This article develops this argument by first discussing the definition and usage of the term “public good”, followed by a consideration of commercialization and public good in universities and government laboratories, highlighting the importance of mandates to deliver benefits to society. Then, various examples are provided in which commercialization (i.e., the creation of private benefits) constitutes a conflict, a complement, or even the critical component to delivering benefits to society. Thus, the relationship between commercialization and the creation of societal benefits is shown to be more nuanced than often assumed, and it becomes clear that expertise and careful consideration are required to ensure that societal benefits are indeed maximized, as discussed in the conclusion.

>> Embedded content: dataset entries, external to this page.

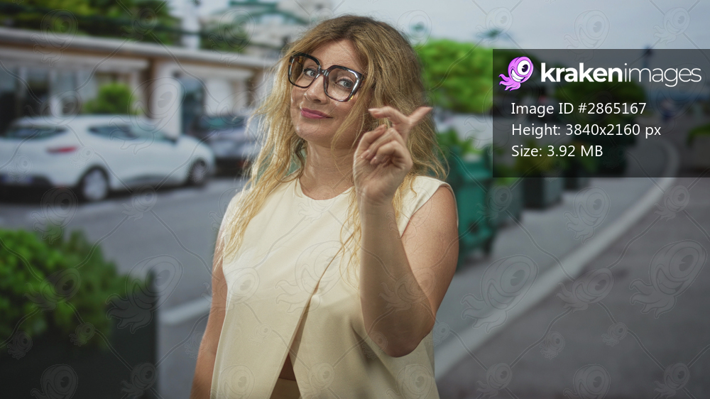 Woman pinches fingers with raised hand on a city street near parked cars and planters; playful confidence.
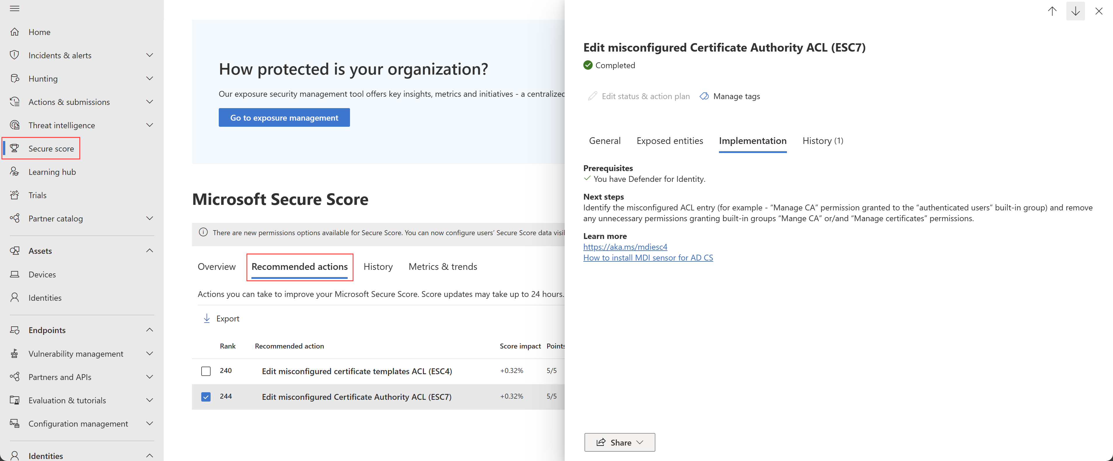 正しく構成されていない証明機関 ACL については、 https://security.microsoft.com/securescore?viewid=actions で推奨されるアクションを確認してください。 以下に例を示します。
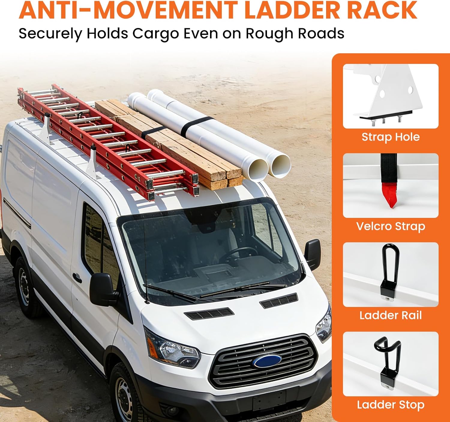 - 【?????? & ????? ?????????】.EONECROSS Van Ladder Rack features reinforced rails and stoppers to keep cargo firmly secured. Rubber caps eliminate wind noise for quiet highway driving. Dual nylon straps, stoppers, and anti-skid tape prevent any shifting. Designed for secure, silent transport – no rattling even on rough roads.
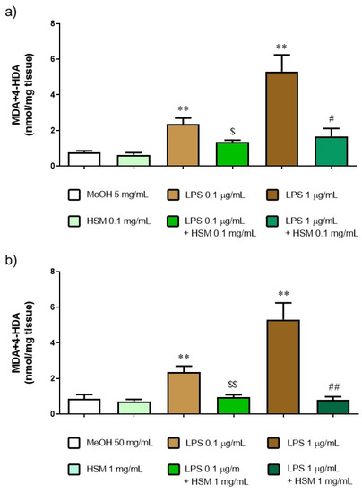 MDA+4-HDA concentration after incubation with MeOH or H. stoechas extract (HSM) at either (a) low or (b) high concentrations, in presence or absence of lipid peroxidation evoked by LPS 0.1 or 1 µg/mL on rat jejunum. Data points are mean ± SEM (n = 5). ** p < 0.01 vs. MeOH (control) and HSM, $ p < 0.05, $$ p < 0.01 vs. LPS 0.1 µg/mL and # p < 0.05, ## p < 0.01 vs. LPS 1 µg/mL.
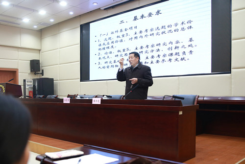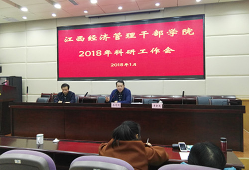 为进一步加强学院科研工作,推进新型智库建设,提升核心竞争力,1月18日下午,学院在一教学术报告厅召开科研工作会,全面总结2017年科研工作、研究部署2018年科研工作,邀请省内专家、南昌大学黄新建教授作国家社科基金项目申报的专题辅导。学院党委副书记、院长秦夏明,党委委员、副院长肖鸿晶,各系(部)正、副主任,院级研究所正、副所长,各系(部)研究所正、副所长,副高级职称以上人员,全体博士,科研处、省级科研平台全体人员,部门和系(部)科研骨干代表参加会议。会议由肖鸿晶主持。
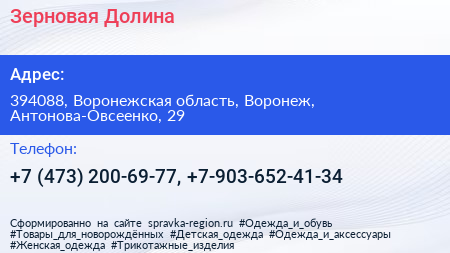 Зерновая Долина по адресу 394088, Воронежская область, Воронеж, Антонова-Овсеенко, 29 в дальнейшем Организация, размещена в следующих категориях:

Public Good: Definition and Usage
There are two fundamentally different definitions of the term "public good", which are both widely used in the context of innovation resulting from publicly funded research. One definition is based on a "common sense" or intuitive interpretation of the term; the other is based on economic terminology.
Common usage refers to the public good as anything that is good for the public, for example activities, services, or products that lead to benefits to citizens or society. The term "public good" is not usually defined explicitly in the academic literature with this connotation (e.g., Heisey & Adelman, 2011), although the concept is clearly much debated in the context of mandates of public sector organizations and commercialization of research results (Deiaco et al., 2012).

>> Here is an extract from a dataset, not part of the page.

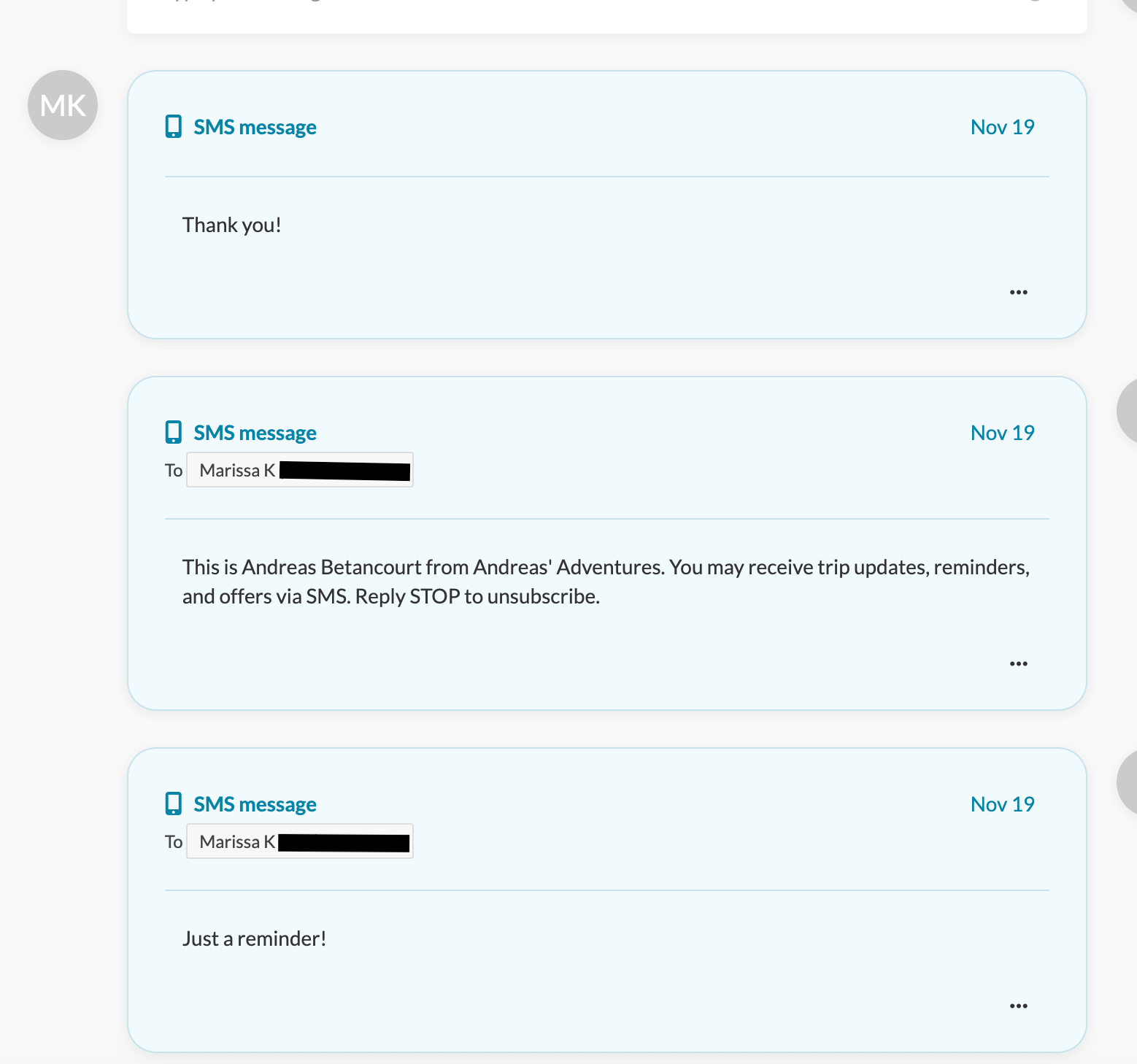 When a client replies to your message, you will be notified by email, and those replies will also go straight to the trip's message feed. Text messages will be blue:

The economic definition opposes public goods and private goods, focusing on two characteristics of goods that relate to their use by others: excludability and rivalry. Excludability refers to the possibility of preventing others from using the good. An item purchased by an individual, for example a computer, can be used by the purchaser, and there is no cost to preventing others from using the item. Rivalry refers to whether the item would be consumed through its use. If an item, such as food, is perfectly rivalrous and “it is consumed by one person, none of it remains for any other” (Hindriks & Myles, 2006). In this sense, a pure private good is defined as having perfect excludability and rivalry, and a pure public good shows perfect nonexcludability and nonrivalry (Hindriks & Myles, 2006).
Based on these two characteristics of goods, Table 1 shows that economists also define two related types of goods: club goods and common property resources. This juxtaposition of public and private goods is obviously an abstraction: real goods may not neatly fall into one category.

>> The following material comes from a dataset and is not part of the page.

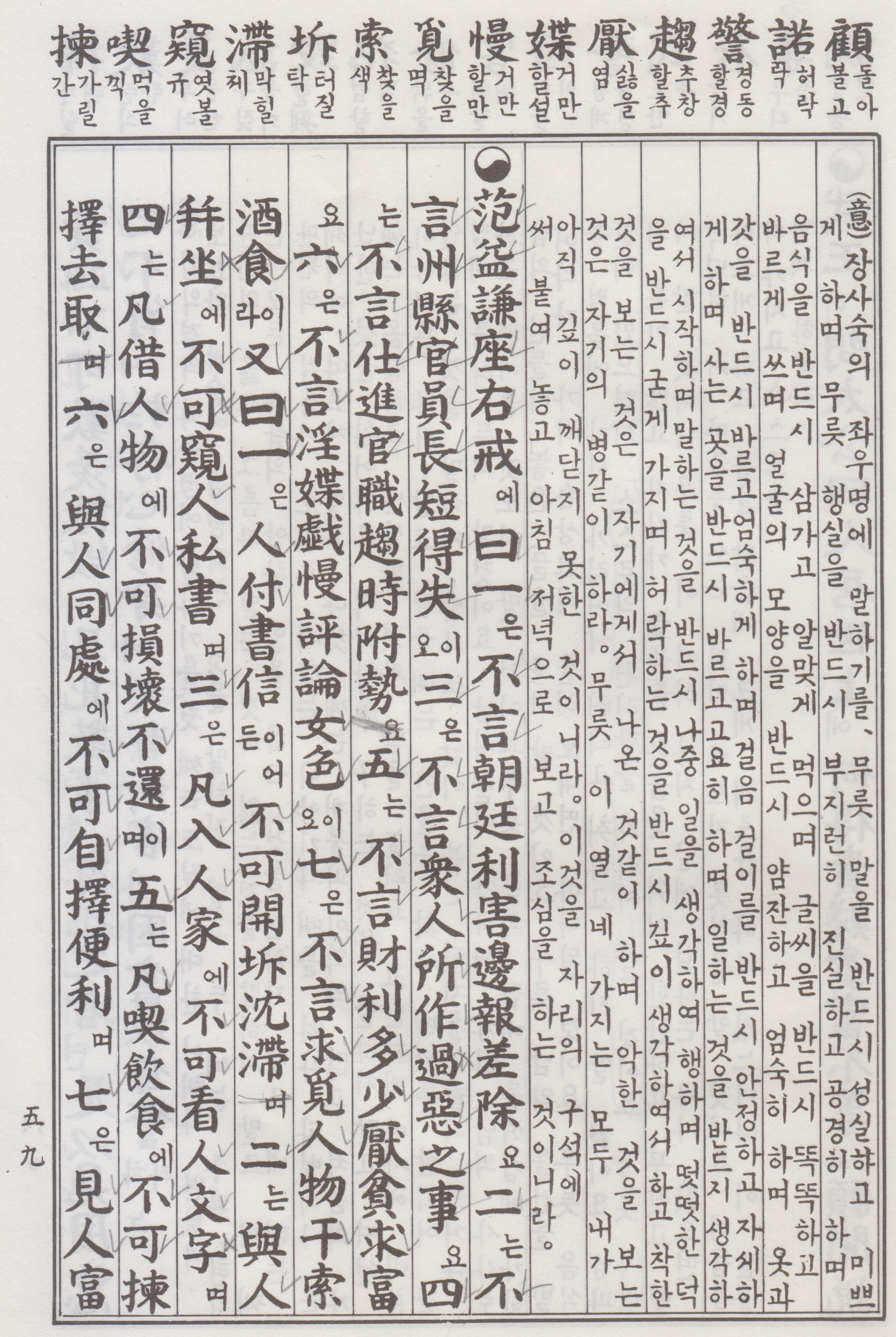 范益謙座右戒曰, 一不言朝廷利害邊報差除, 二不言州縣官員長短得失, 三不言衆人所作過惡之事, 四不言仕進官職趨時附勢, 五不言財利多少厭貧求富, 六不言淫媟戱慢評論女色, 七不言求覓人物干索酒食。

Table 1. Typology of goods, with examples. Adapted from Hindricks and Myles (2006).
|
Rivalrous |
Non-rivalrous |
Excludable |
Private Good Examples: most products, including products incorporating research results, (e.g., computers, cars, medical drugs) |
Club Good Examples: facilities used by a consortium |
Non-excludable |
Common Property Resource Examples: a lake anyone can use for fishing |
Public Good Examples: published research, data |
Public goods, in the economic sense, have been covered extensively in the academic literature, and the distinction between public goods and private goods has been instrumental in explaining why markets are inefficient in providing certain goods, such as basic research or national defence, and why governments therefore need to provide or support the provision of these goods.
In the context of innovation, the market-failure argument underlying most government policy intervention in innovation activities was developed by Arrow (1962). It suggests that, due to the public good nature of many research outputs, markets fail to incentivize companies to invest in research as much as would be optimally required. As stated by Weber and Rohracher (2012):
“The argument is that a fully competitive, decentralized market system will provide a sub-optimal level of investment in knowledge development as a consequence of the public good character of certain types of knowledge, of potential knowledge spill-over effects, and of the short time horizon applied by market actors in their investment decisions.”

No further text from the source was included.